There is a well known maxim that may aid us in this investigation, qui prior est tempore potior est jure, and this does not, in cases of attachment, apply to the first judgment, for the lien commence with the seizure. The court in Pennsylvania will, no doubt, act on this principle, and I think we should; for we would not permit the act of a garnishee going abroad, and subjecting himself to a recovery in another state, to defeat a privilege which a creditor had acquired by attachment under our law.

II. The answer of the garnishee does not, in my opinion, authorise the order given by the district court. His swearing that it was an illegal attachment that had been taken out in the first suit, ought not to prevent him from holding the effects in his hands to await its final result. For this declaration is nothing more than a matter of opinion; and to make it conclusive, we should be satisfied that the garnishee is a competent judge of a legal question; and that the court before which the attachment was taken out, will not mistake the law. But we doubt the knowlege of the *632appelant, and we cannot be certain that the tribunal before which it is pending, will decide the case correctly.

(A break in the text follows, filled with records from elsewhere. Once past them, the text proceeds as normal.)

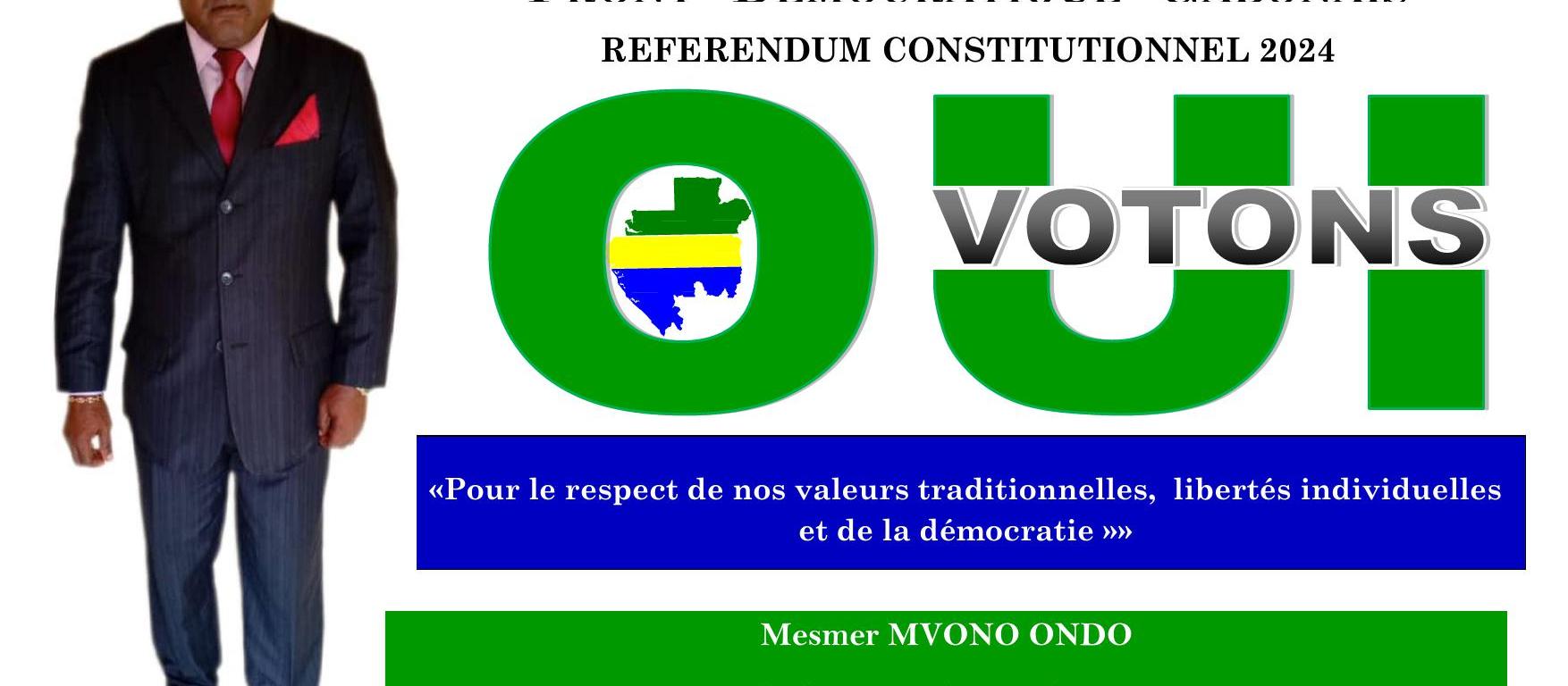 Dans le cadre de la campagne référendaire relative au Référendum Constitutionnel du 16 novembre prochain, le Président-Fondateur du Front Démocratique Gabonais (FDG) Mesmer Mvono Ondo a organisé une conférence de presse le 12 novembre 2024 dans les locaux de son Parti situé au quartier PK 8 dans le sixième arrondissement de la Commune de Libreville.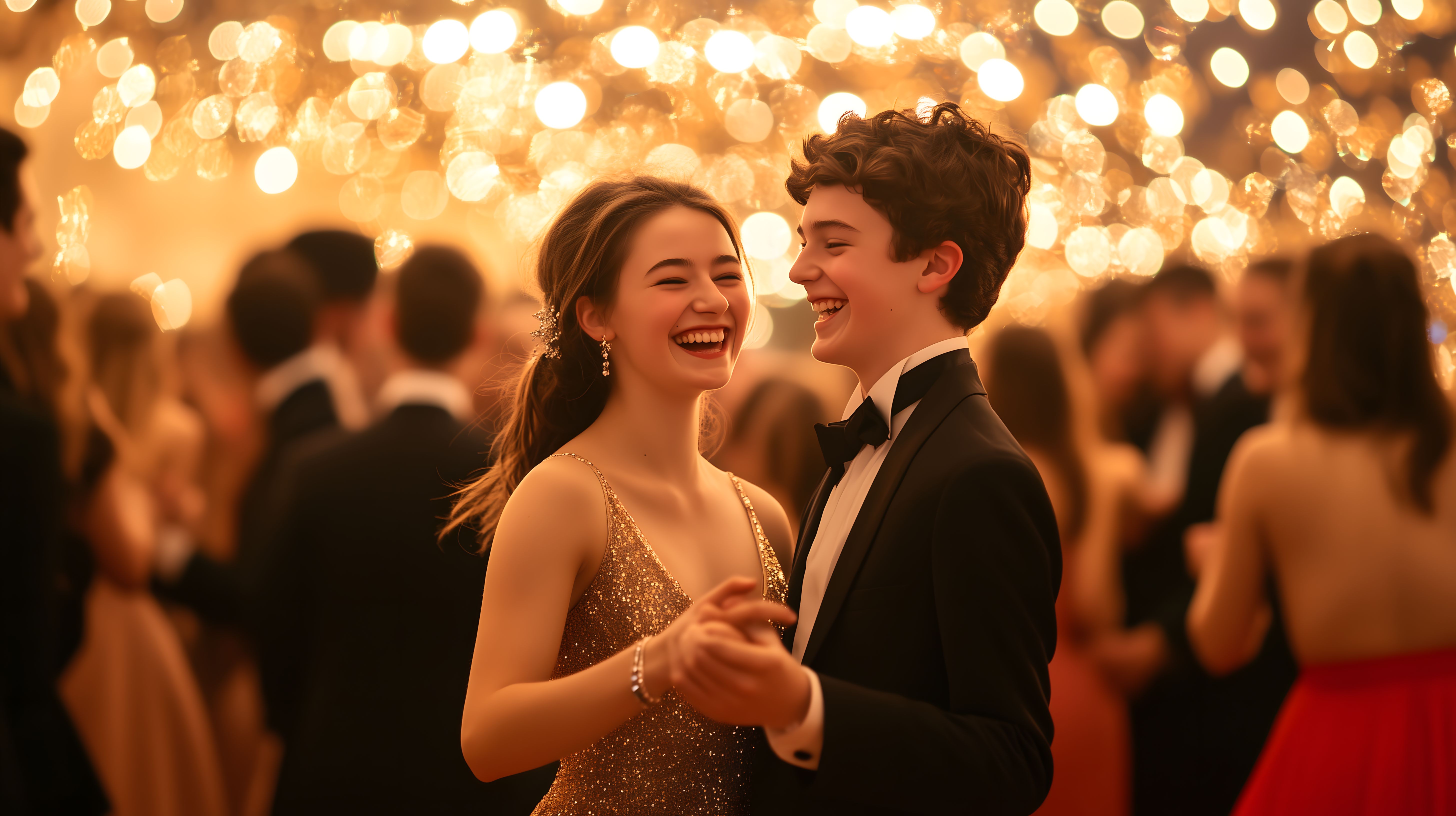 Das Foto zeigt ein junges Paar, das auf einer festlichen Abendveranstaltung tanzt. Die Frau trägt ein glitzerndes, goldenes Abendkleid und der Mann einen schwarzen Frack. Sie lachen und blicken sich glücklich an, während sie von einer Atmosphäre warmer, goldener Lichter umgeben sind. Das Bild strahlt Freude, Leichtigkeit und Romantik aus. Dieses stimmungsvolle Stockfoto eignet sich hervorragend für den Einsatz in Artikeln, Blogbeiträgen oder Social-Media-Beiträgen rund um Themen wie Feste, Partys, Feiern oder Liebesbeziehungen. Das hochauflösende, kostenfrei verfügbare Foto steht unter der Creative-Commons-Lizenz zur Verfügung.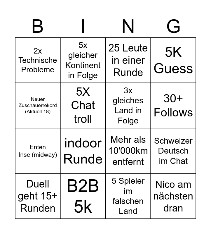 This bingo card has 16 words: B2B 5k, Schweizer Deutsch im Chat, 25 Leute in einer Runde, 2x Technische Probleme, Enten Insel(midway), 5x gleicher Kontinent in Folge, Mehr als 10'000km entfernt, 5 Spieler im falschen Land, Neuer Zuschauerrekord (Aktuell 18), 5X Chat troll, Duell geht 15+ Runden, 5K Guess, indoor Runde, 30+ Follows, 3x gleiches Land in Folge and Nico am nächsten dran.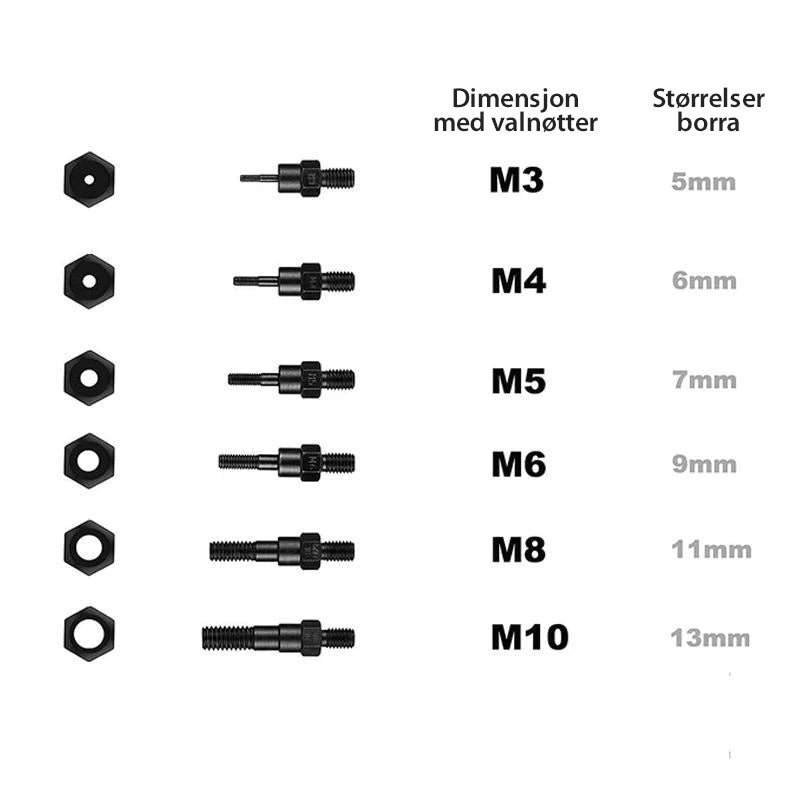 • 6 standard amerikanska metriska trådar M3 M4 M5 M6 M6 M8 Utbytbart chuck i olika storlekar. M8-spindeln finns redan på instrumentet, så plastlådan är tom.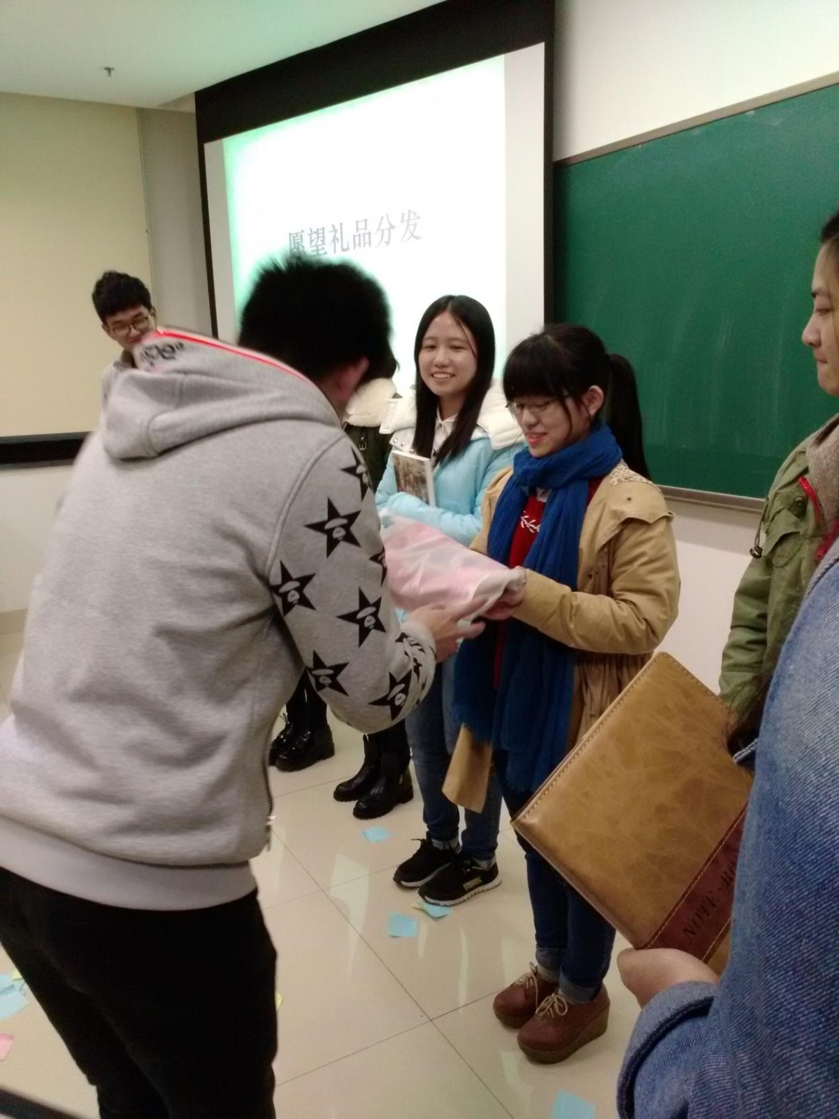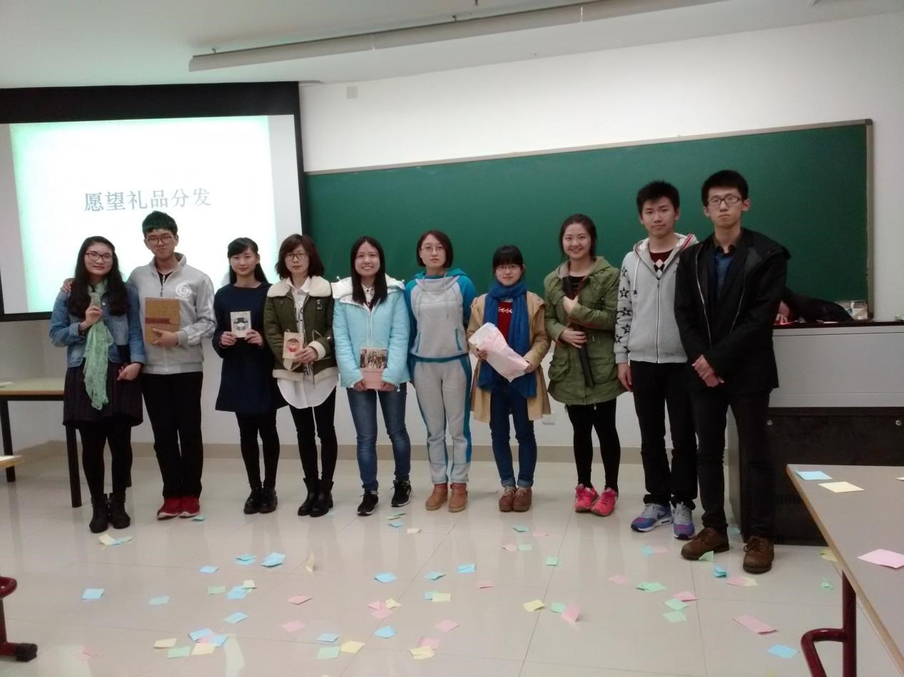 主持人首先致开场白,很快将现场的气氛活跃开来,桌上摆满了小零食,无不流出温馨气息。交流会主要以几个小游戏来增进大家的交流,分别有手掌写字、甩便利贴大赛、嘴咬笔写字。每一个小游戏都由同学之间合作完成,游戏中不时有欢声笑语声传出,这也很快打破大家的陌生感。在精彩的游戏过后,支持人宣布即将实现大家的愿望。由主席牟佳妮和副主席张权给各位许愿者送上该部门为其实现的愿望礼品,获得愿望礼物的同学表示了实现愿望的喜悦和对心理素质拓展中心成员的感谢。最后在收获满满的掌声中部长陈连对本次活动进行总结,大家合影留恋。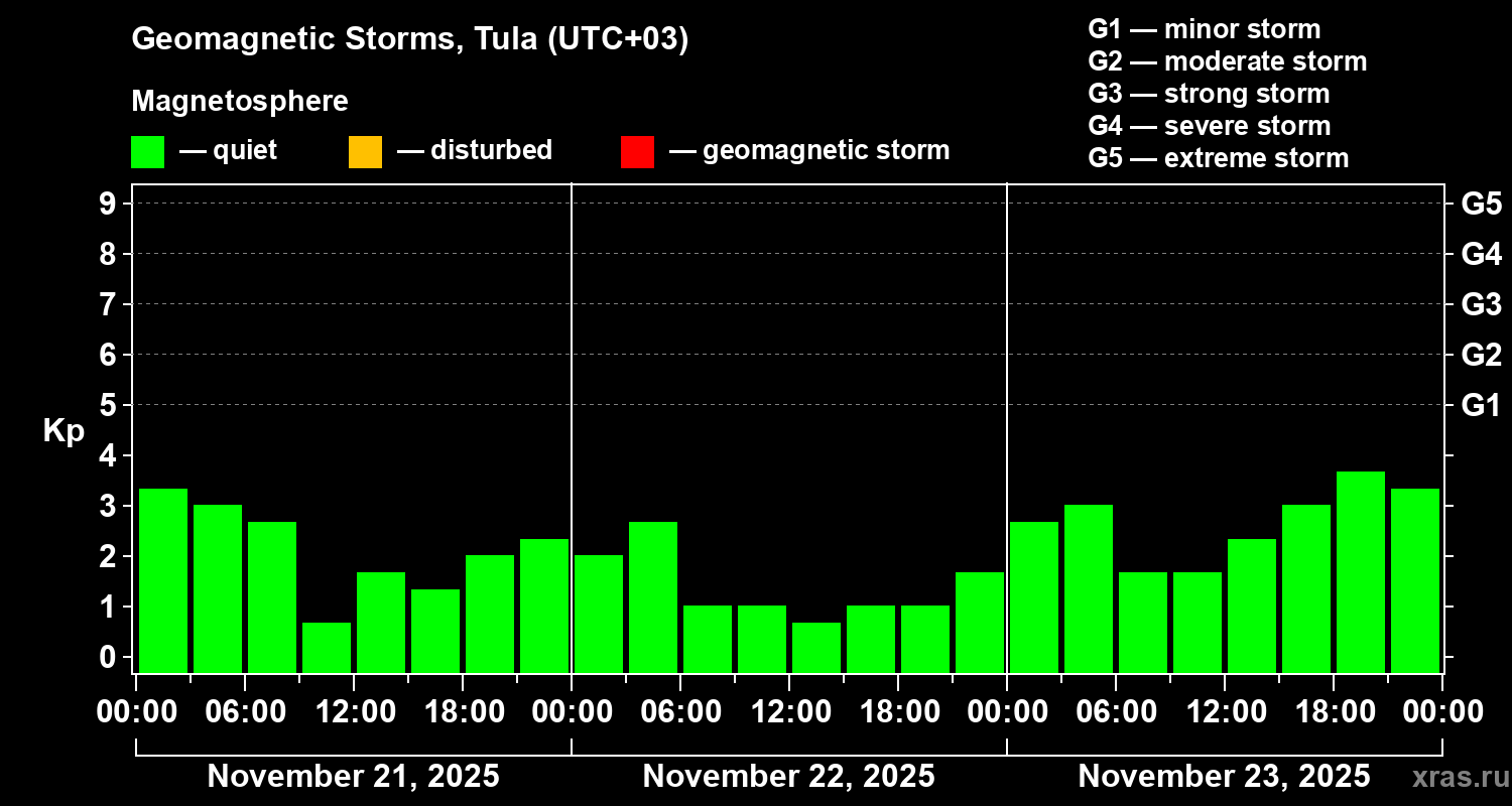 Changes in the geomagnetic index Kp from November 21 to 23, 2025 for mid latitudes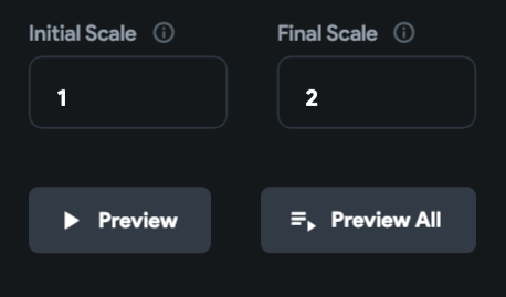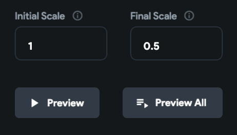 For performing a scale down animation, set the Initial Scale to 1 and the Final Scale to 0.5.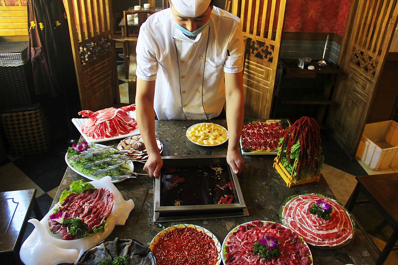 麻辣筷子牛肉,店的新菜品,里面可是纯纯的牛肉条,很有创意的摆盘吧!用辣椒粉、孜然粉等裹住的,下锅煮煮里,看着就红红的彩虹,吃起来真是又鲜又嫩,口感极好,不能错过的美味哟!能摆成这样,也是看出火锅店的经方式了,真是用心在经营!!!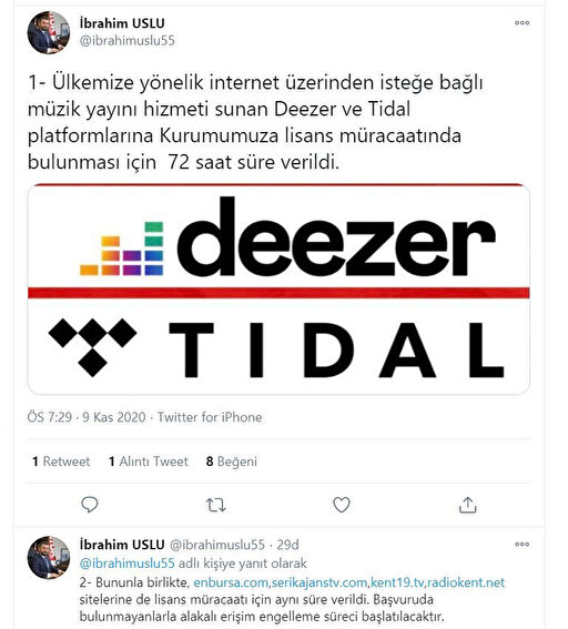 Uslu, Twitter hesabından yaptığı açıklamada, "Ülkemize yönelik internet üzerinden isteğe bağlı müzik yayını hizmeti sunan 'Deezer' ve 'Tidal' platformlarına, kurumumuza lisans müracaatında bulunması için 72 saat süre verildi. Bununla birlikte, 'http://enbursa.com', 'http://serikajanstv.com', 'http://kent19.tv', 'http://radiokent.net' sitelerine de lisans müracaatı için aynı süre verildi. Başvuruda bulunmayanlarla alakalı erişim engelleme süreci başlatılacaktır" dedi.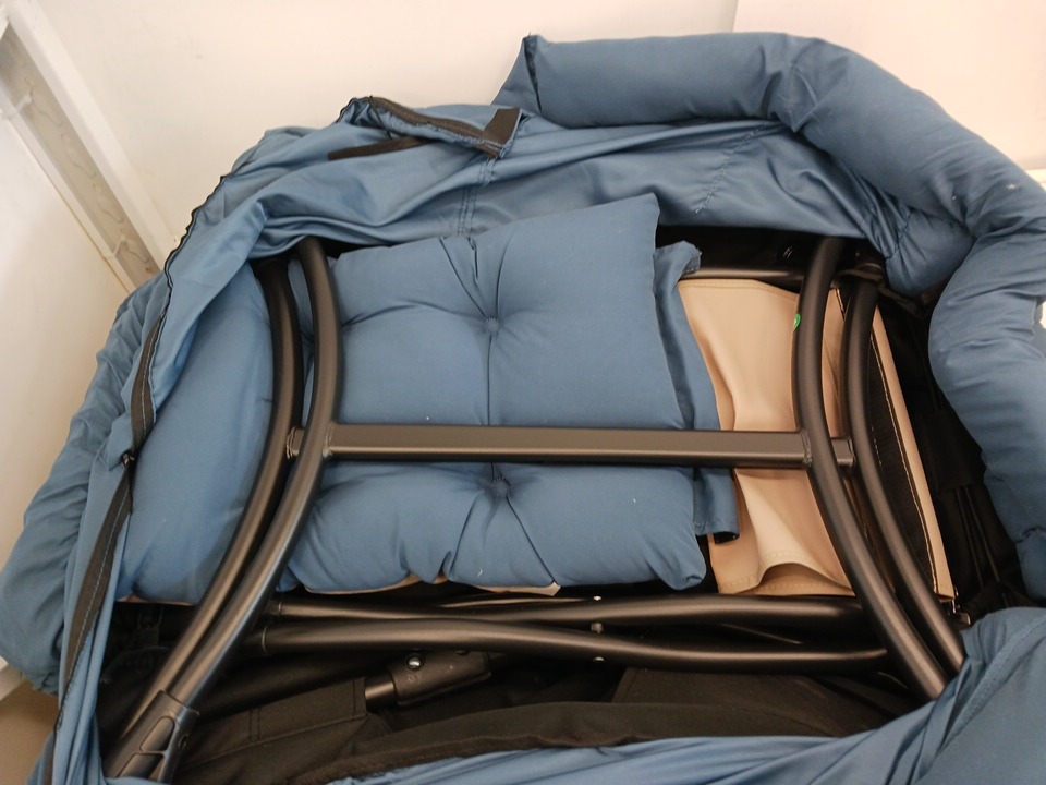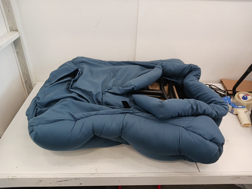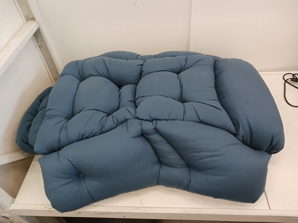 This chair with ottoman shows traces of pet fur on the fabric, indicating that it was previously used. The upholstery and cushion surfaces appear in overall good condition, with no visible tears, stains, or major damage. Light surface cleaning or vacuuming is recommended to remove remaining pet hair and restore the fabric’s appearance.
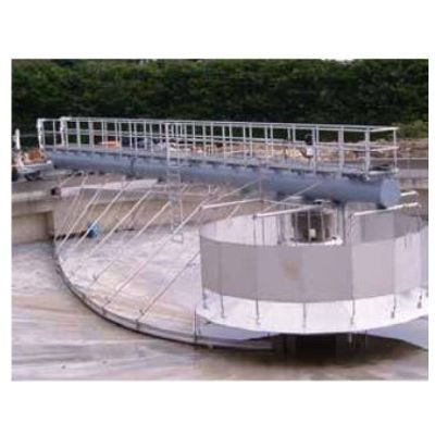 The clarifier can be supplied with either a peripheral drive system or a central drive unit. Commonly used materials are a combination of aluminium (above water) and stainless steel.

From the most attentive consideration I have been able to give this case, I think, that both on principles of law and justice, the district court erred in decreeing the garnishee to pay over the money. Time should have been given to await and ascertain the decision of the suit pending in Pennsylvania, before judgment was entered up here.

I conclude, therefore, that the judgment of the district court should be annulled, avoided and reversed, so far as it directs the payment of the.money in the garnishee’s hands; and that the cause be remanded, with directions to the judge to stay all further proceedings against the garnishee, until the decision of the attachment, pending in Pennsylvania, be ascertained, and that the appellee pay the costs of this appeal.